The writer is the chairman of the Ponca Tribe of Nebraska, a tribal nation of nearly 4,300 citizens, with roughly half residing in Iowa and Nebraska.
In August, I had the honor and privilege to unveil a new, 11-foot, bronze statue of Chief Standing Bear in Niobrara, Nebraska. Situated on a hill overlooking tribal land, the statue honors our tribe’s past, while having a bird’s-eye view of what lies ahead. In many ways, the statue and its peak position are symbolic of the two worlds the Ponca Tribe lives in –- working to preserve and promote our cultural heritage, while putting in motion a service model that will provide for our people well into the future.
Our tribe is on the precipice of continued growth after a long, hard-fought journey. Our people were forcibly removed from our tribal land by the federal government in the late 1800s, which meant our ancestors had to leave everything they had behind. In the 1960s, the federal government terminated our tribe, meaning that our land, holdings and cultural heritage were dissolved, and our people were removed from tribal rolls. For the second time, everything we had was taken from us.
After working for a quarter-century to regain formal recognition, our tribe was restored by the federal government in 1990. But with this restoration came a catch. Once again, we had to start over. A resilient people, we rolled up our sleeves to begin piecing back together our land, our culture, our heritage, and forming a set of services and programs that our people so desperately needed.
With diligent work, significant progress is being made. Our tribal rolls are expanding, and our citizens are increasingly becoming more engaged, as they learn of more services offered by the tribe.

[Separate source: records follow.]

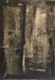 Dipinto raffigurante un paesaggio industriale in chiave astratta.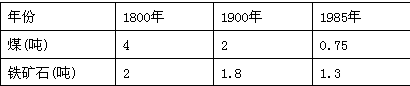 1、单选题 下表为世界钢铁工业发展过程中每炼1吨钢所需原料、燃料的变化资料。据表完成下列各题。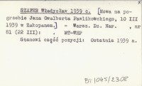 SZAFER Władysław 1939 c [Mowa na pogrzebie Jana Gwalberta Pawlikowskiego, 10 III 1939 w Zakopanem.]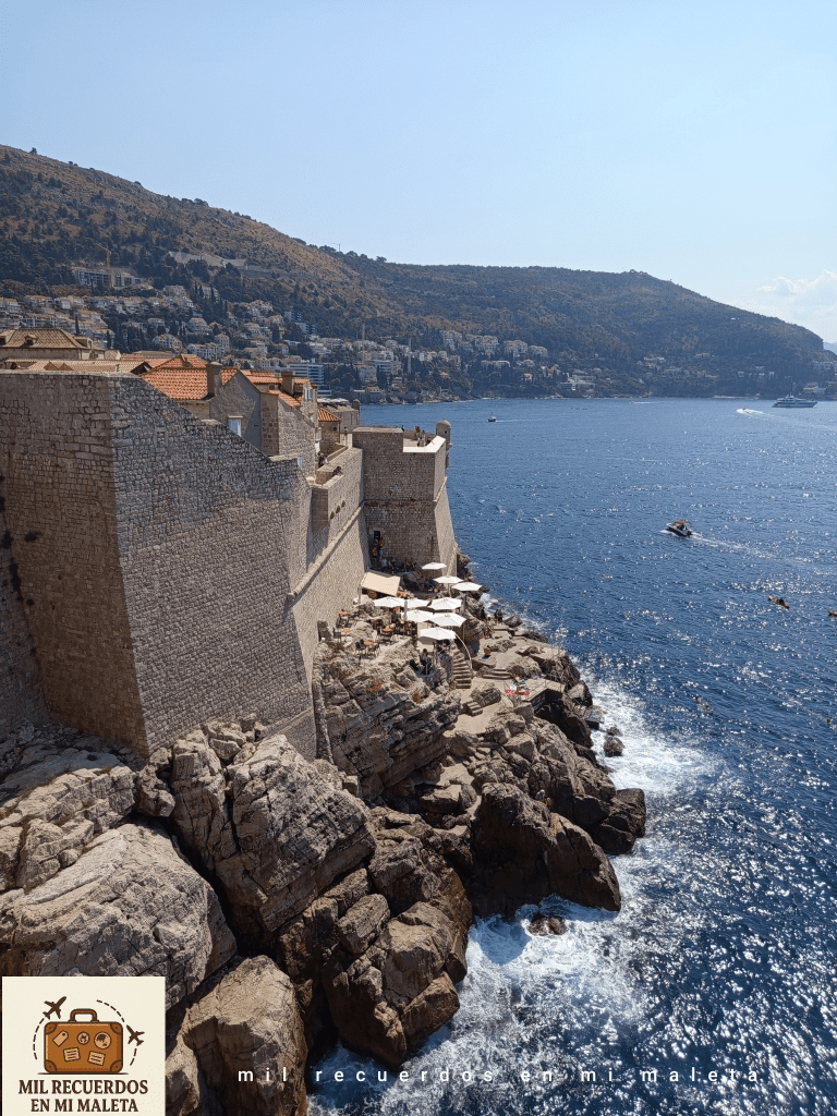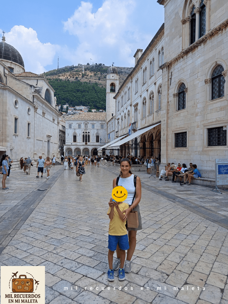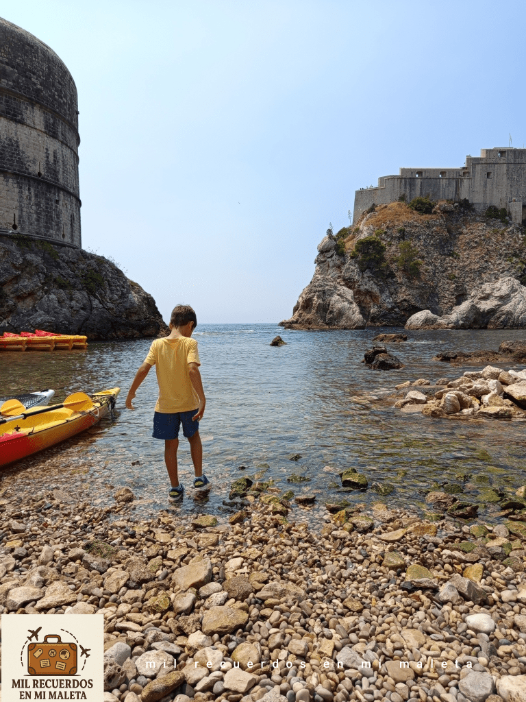 Decidimos aprovechar esas primeras horas, cuando las calles aún no estaban abarrotadas y hacía »menos calor» para recorrer las murallas de Dubrovnik, una de las experiencias obligadas si visitas la ciudad. La entrada cuesta unos 40€ por adulto, mientras que los niños hasta 7 años entran gratis, así que no tuvimos que pagar por la entrada de nuestro peque. Puede parecer caro (y lo es), pero las vistas que ofrecen del mar Adriático, de los tejados rojizos y cada rincón del casco histórico lo justifica al 100%.

This progress also brings into focus a critical challenge that any sovereign body must confront. To provide for our people, our programs must be sustainable.
As our tribe’s needs evolved, so, too, did our plans to harness the resources to meet these needs. Soon, our tribe will open the Prairie Flower Casino in Carter Lake on our sovereign land. This facility will help us provide the services needed to make our tribe and people strong yet again.
Gaming will be part of who we are, but will not define who we are.
Because of this facility, critical services such as health care, job training and land preservation will be provided, achieving a central Ponca value of helping our people and our neighbors.
Lifting our own, and our community, absolutely defines who we are.
For example, in February we closed on a property near Ralston, where we will build a modern health care clinic to better serve the community. The 60,000-square-foot space, plus a new building, will offer a suite of health services such as primary, dental and behavior health care, physical therapy, plus a pharmacy. In addition to serving Native Americans, we also hope to serve the general public, as we continue to embrace our community and find solutions to meet our neighbors’ needs.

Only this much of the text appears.